Segment Start: PROVIDED MATERIAL
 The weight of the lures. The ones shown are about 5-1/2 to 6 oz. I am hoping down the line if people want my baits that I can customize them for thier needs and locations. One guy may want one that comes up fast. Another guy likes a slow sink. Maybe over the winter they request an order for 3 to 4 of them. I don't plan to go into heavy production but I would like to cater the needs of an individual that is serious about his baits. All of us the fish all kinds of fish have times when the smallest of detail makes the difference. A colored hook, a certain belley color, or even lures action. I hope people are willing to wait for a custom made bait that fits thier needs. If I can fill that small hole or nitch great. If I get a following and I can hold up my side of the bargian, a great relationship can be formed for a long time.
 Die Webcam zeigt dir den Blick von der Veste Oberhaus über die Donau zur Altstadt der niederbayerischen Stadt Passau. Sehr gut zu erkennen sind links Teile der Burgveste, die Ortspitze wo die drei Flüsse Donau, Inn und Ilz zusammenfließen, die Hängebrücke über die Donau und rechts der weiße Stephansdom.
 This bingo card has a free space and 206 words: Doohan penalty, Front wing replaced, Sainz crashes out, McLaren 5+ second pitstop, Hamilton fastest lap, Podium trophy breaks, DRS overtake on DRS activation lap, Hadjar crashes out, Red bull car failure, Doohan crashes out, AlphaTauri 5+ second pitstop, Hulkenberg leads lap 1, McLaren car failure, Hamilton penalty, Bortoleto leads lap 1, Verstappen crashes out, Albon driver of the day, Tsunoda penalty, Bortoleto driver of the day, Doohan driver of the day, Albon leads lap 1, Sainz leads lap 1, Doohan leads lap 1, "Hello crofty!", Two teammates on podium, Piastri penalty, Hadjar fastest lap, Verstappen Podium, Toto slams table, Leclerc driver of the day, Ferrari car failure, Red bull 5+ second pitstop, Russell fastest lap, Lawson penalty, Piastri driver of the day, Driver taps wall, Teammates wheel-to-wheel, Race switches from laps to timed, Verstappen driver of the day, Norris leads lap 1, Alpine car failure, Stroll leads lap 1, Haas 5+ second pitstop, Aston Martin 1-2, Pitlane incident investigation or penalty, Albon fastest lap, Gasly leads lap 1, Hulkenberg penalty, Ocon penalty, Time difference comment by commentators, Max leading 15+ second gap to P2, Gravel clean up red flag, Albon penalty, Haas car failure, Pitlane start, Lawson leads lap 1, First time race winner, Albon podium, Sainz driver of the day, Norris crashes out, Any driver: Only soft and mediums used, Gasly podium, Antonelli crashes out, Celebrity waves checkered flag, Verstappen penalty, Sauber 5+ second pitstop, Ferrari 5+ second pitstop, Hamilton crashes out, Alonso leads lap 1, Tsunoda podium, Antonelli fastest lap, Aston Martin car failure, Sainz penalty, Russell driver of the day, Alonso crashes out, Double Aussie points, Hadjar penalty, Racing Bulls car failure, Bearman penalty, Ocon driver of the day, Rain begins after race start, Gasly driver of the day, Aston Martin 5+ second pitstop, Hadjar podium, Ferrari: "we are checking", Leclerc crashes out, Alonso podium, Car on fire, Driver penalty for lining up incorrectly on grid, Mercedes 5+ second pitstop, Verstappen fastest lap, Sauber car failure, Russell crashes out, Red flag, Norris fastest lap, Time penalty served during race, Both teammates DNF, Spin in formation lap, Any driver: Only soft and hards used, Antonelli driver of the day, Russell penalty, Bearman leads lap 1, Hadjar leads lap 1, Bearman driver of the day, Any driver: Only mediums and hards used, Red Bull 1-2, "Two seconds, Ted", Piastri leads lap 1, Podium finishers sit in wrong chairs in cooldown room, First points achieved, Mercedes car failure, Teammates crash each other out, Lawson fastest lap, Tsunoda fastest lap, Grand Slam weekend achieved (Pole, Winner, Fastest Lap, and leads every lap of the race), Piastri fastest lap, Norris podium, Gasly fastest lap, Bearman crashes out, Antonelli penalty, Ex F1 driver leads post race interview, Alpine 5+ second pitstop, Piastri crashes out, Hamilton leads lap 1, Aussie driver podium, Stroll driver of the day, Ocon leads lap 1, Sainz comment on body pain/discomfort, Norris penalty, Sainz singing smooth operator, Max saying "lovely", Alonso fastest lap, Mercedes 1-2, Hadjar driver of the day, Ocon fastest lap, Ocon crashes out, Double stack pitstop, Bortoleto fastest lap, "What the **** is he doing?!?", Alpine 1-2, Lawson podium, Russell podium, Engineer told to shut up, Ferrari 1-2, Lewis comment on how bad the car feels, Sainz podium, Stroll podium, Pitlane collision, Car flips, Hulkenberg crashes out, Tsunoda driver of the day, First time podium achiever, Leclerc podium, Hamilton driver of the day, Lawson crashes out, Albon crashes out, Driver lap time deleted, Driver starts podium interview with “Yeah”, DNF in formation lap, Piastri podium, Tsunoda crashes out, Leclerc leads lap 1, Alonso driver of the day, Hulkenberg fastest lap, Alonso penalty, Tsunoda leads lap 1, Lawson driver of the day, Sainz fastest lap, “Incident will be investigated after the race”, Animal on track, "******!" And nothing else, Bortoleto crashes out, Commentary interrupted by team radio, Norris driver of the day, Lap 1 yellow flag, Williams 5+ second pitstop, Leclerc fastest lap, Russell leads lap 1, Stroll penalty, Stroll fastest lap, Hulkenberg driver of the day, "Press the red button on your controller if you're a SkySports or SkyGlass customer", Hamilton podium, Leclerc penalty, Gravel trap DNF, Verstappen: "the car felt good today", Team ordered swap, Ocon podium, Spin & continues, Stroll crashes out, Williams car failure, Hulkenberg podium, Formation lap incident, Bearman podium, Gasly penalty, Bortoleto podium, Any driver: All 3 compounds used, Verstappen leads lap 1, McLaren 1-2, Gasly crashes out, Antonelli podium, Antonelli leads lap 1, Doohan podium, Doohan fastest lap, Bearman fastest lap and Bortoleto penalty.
Segment End: PROVIDED MATERIAL
* EXERCISE DETAILS: The complete material should be output once more, word for word.

* ANSWER TO THIS PROBLEM:
 The weight of the lures. The ones shown are about 5-1/2 to 6 oz. I am hoping down the line if people want my baits that I can customize them for thier needs and locations. One guy may want one that comes up fast. Another guy likes a slow sink. Maybe over the winter they request an order for 3 to 4 of them. I don't plan to go into heavy production but I would like to cater the needs of an individual that is serious about his baits. All of us the fish all kinds of fish have times when the smallest of detail makes the difference. A colored hook, a certain belley color, or even lures action. I hope people are willing to wait for a custom made bait that fits thier needs. If I can fill that small hole or nitch great. If I get a following and I can hold up my side of the bargian, a great relationship can be formed for a long time.
 Die Webcam zeigt dir den Blick von der Veste Oberhaus über die Donau zur Altstadt der niederbayerischen Stadt Passau. Sehr gut zu erkennen sind links Teile der Burgveste, die Ortspitze wo die drei Flüsse Donau, Inn und Ilz zusammenfließen, die Hängebrücke über die Donau und rechts der weiße Stephansdom.
 This bingo card has a free space and 206 words: Doohan penalty, Front wing replaced, Sainz crashes out, McLaren 5+ second pitstop, Hamilton fastest lap, Podium trophy breaks, DRS overtake on DRS activation lap, Hadjar crashes out, Red bull car failure, Doohan crashes out, AlphaTauri 5+ second pitstop, Hulkenberg leads lap 1, McLaren car failure, Hamilton penalty, Bortoleto leads lap 1, Verstappen crashes out, Albon driver of the day, Tsunoda penalty, Bortoleto driver of the day, Doohan driver of the day, Albon leads lap 1, Sainz leads lap 1, Doohan leads lap 1, "Hello crofty!", Two teammates on podium, Piastri penalty, Hadjar fastest lap, Verstappen Podium, Toto slams table, Leclerc driver of the day, Ferrari car failure, Red bull 5+ second pitstop, Russell fastest lap, Lawson penalty, Piastri driver of the day, Driver taps wall, Teammates wheel-to-wheel, Race switches from laps to timed, Verstappen driver of the day, Norris leads lap 1, Alpine car failure, Stroll leads lap 1, Haas 5+ second pitstop, Aston Martin 1-2, Pitlane incident investigation or penalty, Albon fastest lap, Gasly leads lap 1, Hulkenberg penalty, Ocon penalty, Time difference comment by commentators, Max leading 15+ second gap to P2, Gravel clean up red flag, Albon penalty, Haas car failure, Pitlane start, Lawson leads lap 1, First time race winner, Albon podium, Sainz driver of the day, Norris crashes out, Any driver: Only soft and mediums used, Gasly podium, Antonelli crashes out, Celebrity waves checkered flag, Verstappen penalty, Sauber 5+ second pitstop, Ferrari 5+ second pitstop, Hamilton crashes out, Alonso leads lap 1, Tsunoda podium, Antonelli fastest lap, Aston Martin car failure, Sainz penalty, Russell driver of the day, Alonso crashes out, Double Aussie points, Hadjar penalty, Racing Bulls car failure, Bearman penalty, Ocon driver of the day, Rain begins after race start, Gasly driver of the day, Aston Martin 5+ second pitstop, Hadjar podium, Ferrari: "we are checking", Leclerc crashes out, Alonso podium, Car on fire, Driver penalty for lining up incorrectly on grid, Mercedes 5+ second pitstop, Verstappen fastest lap, Sauber car failure, Russell crashes out, Red flag, Norris fastest lap, Time penalty served during race, Both teammates DNF, Spin in formation lap, Any driver: Only soft and hards used, Antonelli driver of the day, Russell penalty, Bearman leads lap 1, Hadjar leads lap 1, Bearman driver of the day, Any driver: Only mediums and hards used, Red Bull 1-2, "Two seconds, Ted", Piastri leads lap 1, Podium finishers sit in wrong chairs in cooldown room, First points achieved, Mercedes car failure, Teammates crash each other out, Lawson fastest lap, Tsunoda fastest lap, Grand Slam weekend achieved (Pole, Winner, Fastest Lap, and leads every lap of the race), Piastri fastest lap, Norris podium, Gasly fastest lap, Bearman crashes out, Antonelli penalty, Ex F1 driver leads post race interview, Alpine 5+ second pitstop, Piastri crashes out, Hamilton leads lap 1, Aussie driver podium, Stroll driver of the day, Ocon leads lap 1, Sainz comment on body pain/discomfort, Norris penalty, Sainz singing smooth operator, Max saying "lovely", Alonso fastest lap, Mercedes 1-2, Hadjar driver of the day, Ocon fastest lap, Ocon crashes out, Double stack pitstop, Bortoleto fastest lap, "What the **** is he doing?!?", Alpine 1-2, Lawson podium, Russell podium, Engineer told to shut up, Ferrari 1-2, Lewis comment on how bad the car feels, Sainz podium, Stroll podium, Pitlane collision, Car flips, Hulkenberg crashes out, Tsunoda driver of the day, First time podium achiever, Leclerc podium, Hamilton driver of the day, Lawson crashes out, Albon crashes out, Driver lap time deleted, Driver starts podium interview with “Yeah”, DNF in formation lap, Piastri podium, Tsunoda crashes out, Leclerc leads lap 1, Alonso driver of the day, Hulkenberg fastest lap, Alonso penalty, Tsunoda leads lap 1, Lawson driver of the day, Sainz fastest lap, “Incident will be investigated after the race”, Animal on track, "******!" And nothing else, Bortoleto crashes out, Commentary interrupted by team radio, Norris driver of the day, Lap 1 yellow flag, Williams 5+ second pitstop, Leclerc fastest lap, Russell leads lap 1, Stroll penalty, Stroll fastest lap, Hulkenberg driver of the day, "Press the red button on your controller if you're a SkySports or SkyGlass customer", Hamilton podium, Leclerc penalty, Gravel trap DNF, Verstappen: "the car felt good today", Team ordered swap, Ocon podium, Spin & continues, Stroll crashes out, Williams car failure, Hulkenberg podium, Formation lap incident, Bearman podium, Gasly penalty, Bortoleto podium, Any driver: All 3 compounds used, Verstappen leads lap 1, McLaren 1-2, Gasly crashes out, Antonelli podium, Antonelli leads lap 1, Doohan podium, Doohan fastest lap, Bearman fastest lap and Bortoleto penalty.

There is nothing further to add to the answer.